Funtime pro supports the ce-5000-40 driver in it and if I am not mistaken the ce5000-60 driver should be the same..


----------



## ashamutt (Feb 22, 2008)

Twanabee said:


> I know that the I-DesignR CE will work with the cutter and the Funtime will not support the CE. What other rhinestone software under $350 will support the CE ?


 
My Graphtec CE-5000 *60 *works fine with the FuntimeDeluxe 2010 software.


----------



## BML Builder (Jul 8, 2008)

Here are a few different threads that tell you more about the ACS software. I have the ACS software and so do a lot of other people on the forum. It is a good software and does work well with several cutters. Funtime is another good software and there are several different users that use it also. I do believe that the Funtime software is more limited on the different cutters that it has drivers for but the same company makes the winpcsign software that is a little bit more expensive but has more drivers for more cutters. Hope these help.

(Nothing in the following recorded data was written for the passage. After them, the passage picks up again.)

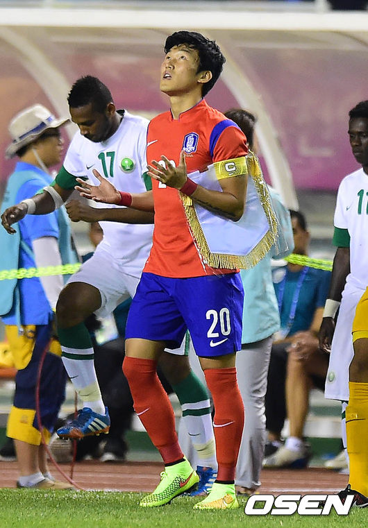 17일 오후 안산와스타디움에서 열린 2014 인천 아시안게임 남자 축구 A조 조별리그 2차전 한국과 사우디아라비아의 경기 시작전 장현수가 경기장에 입장하며 하늘을 바라보고 있다.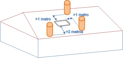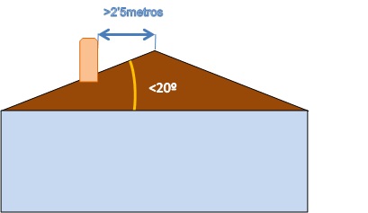 – 2’5 metros de distancia horizontal desde el remate a la superficie del tejado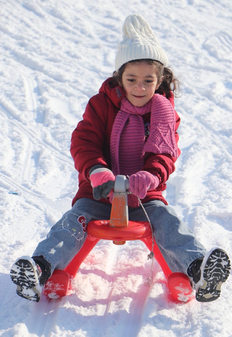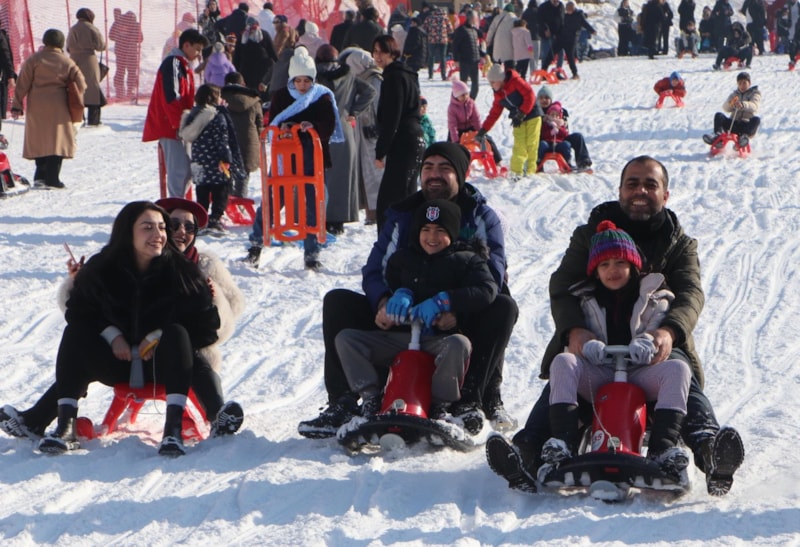 Karnelerini aldıktan sonra aileleriyle birlikte tatil için denizden 3 bin 176 metre yükseklikteki Palandöken Kayak Merkezi'ne gelen çocukların bazıları kayak öğrenirken, bazıları da kızaklarla pistte kaymanın keyfini yaşıyor.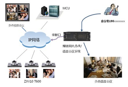 在現(xiàn)有視頻會議網(wǎng)絡基礎上新增語音網(wǎng)關設備,主要負責PSTN、移動網(wǎng)和IP網(wǎng)絡的信令轉(zhuǎn)接、音頻編碼的轉(zhuǎn)換、多點純語音會議、IVR會議引導。
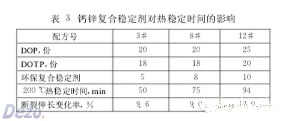 環(huán)保PVC絕緣料的穩(wěn)定劑不能含對人體有危害的鉛(Pb),鍋CCd}、汞(Hg)、砷(As)、鉻(Cr)、硒(Se)、銻(Sb)等重金屬元素,因此選用無毒的鈣鋅復(fù)合穩(wěn)定劑。鈣鋅復(fù)合穩(wěn)定劑的熱穩(wěn)定性接近或超過某些鋇/鍋穩(wěn)定劑、鉛類穩(wěn)定劑,并且耐候性好、透明性良好。鈣鋅復(fù)合穩(wěn)定劑對熱穩(wěn)定時(shí)間的影響見表3配方中填充劑25份,潤滑劑0.6份,抗氧劑0.6。鈣鋅復(fù)合穩(wěn)定劑的加入量太少材料老化性能不合格,加入量太多成本太高,一般加入5份左右比較合適。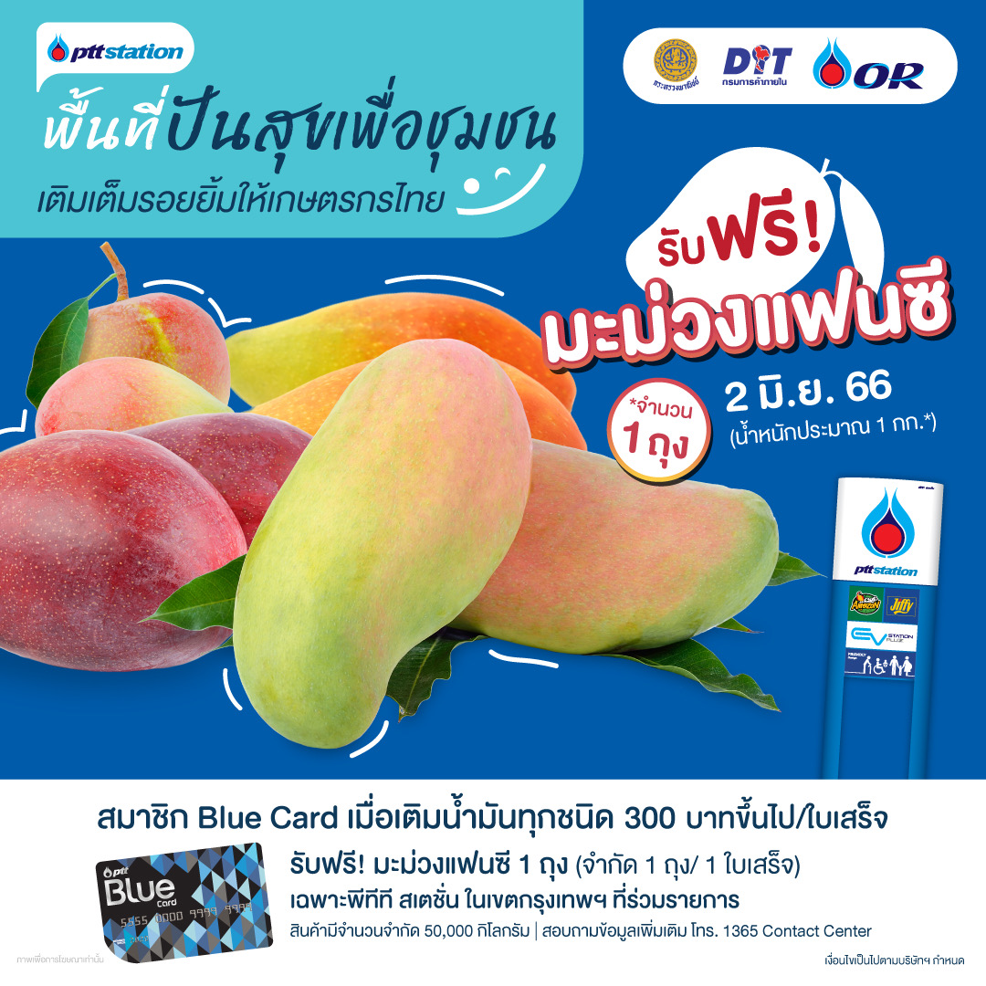 เพื่อนำมาจัดกิจกรรมให้แก่สมาชิกบลูการ์ดที่เติมน้ำมันชนิดใดก็ได้ครบ 300 บาทขึ้นไปต่อใบเสร็จ รับฟรีทันที! มะม่วงแฟนซี จำนวน 1 ถุง (1 กิโลกรัม) ณ พีทีที สเตชั่น เฉพาะพื้นที่กรุงเทพฯ ที่ร่วมรายการจำนวน 188 สถานี ในวันที่ 2 มิถุนายน 2566หรือจนกว่าสินค้าจะหมด สอบถามรายละเอียดเพิ่มเติมได้ที่ โทร. 1365 Contact Center และตรวจสอบรายชื่อ พีทีที สเตชั่น ที่เข้าร่วมรายการได้ที่ www.pttor.com

ACS software and what it can do
http://www.t-shirtforums.com/rhinestone-decoration/t105195.html

ACS and KNK softwares and the differences
http://www.t-shirtforums.com/rhinestone-decoration/t93093.html

Videos for ACS software
http://www.t-shirtforums.com/rhinestone-decoration/t119512.html


----------



## SandyMcC (Jul 23, 2009)

After reorganizing my site, those links are no longer valid. Here's a single link to view the various videos for rhinestone designing and rhinestone simulations:

Rhinestone Designing in KNK and ACS Studio


----------



## wwpro (Apr 9, 2009)

I JUST bought Funtime Deluxe PRO, few minutes ago. Is the most affordable solution I've found to design templates, and I have a Graphtec CE3000-60 which is not supported in theory, but I don't care since I plan to design on Funtime and export to flexi and cut from there.

It works even better if you have in mind to upgrade your cutter in the future and have no idea what you're gonna get. With that I mean it should be used as a standalone design software, and you should cut with your everyday cutting software. Hope it makes sense 

EDIT: Here's the place with the best price I've found http://www.rhinestonedesignz.com/Software/RA-00001-Funtime-Deluxe-Pro-2010.html


----------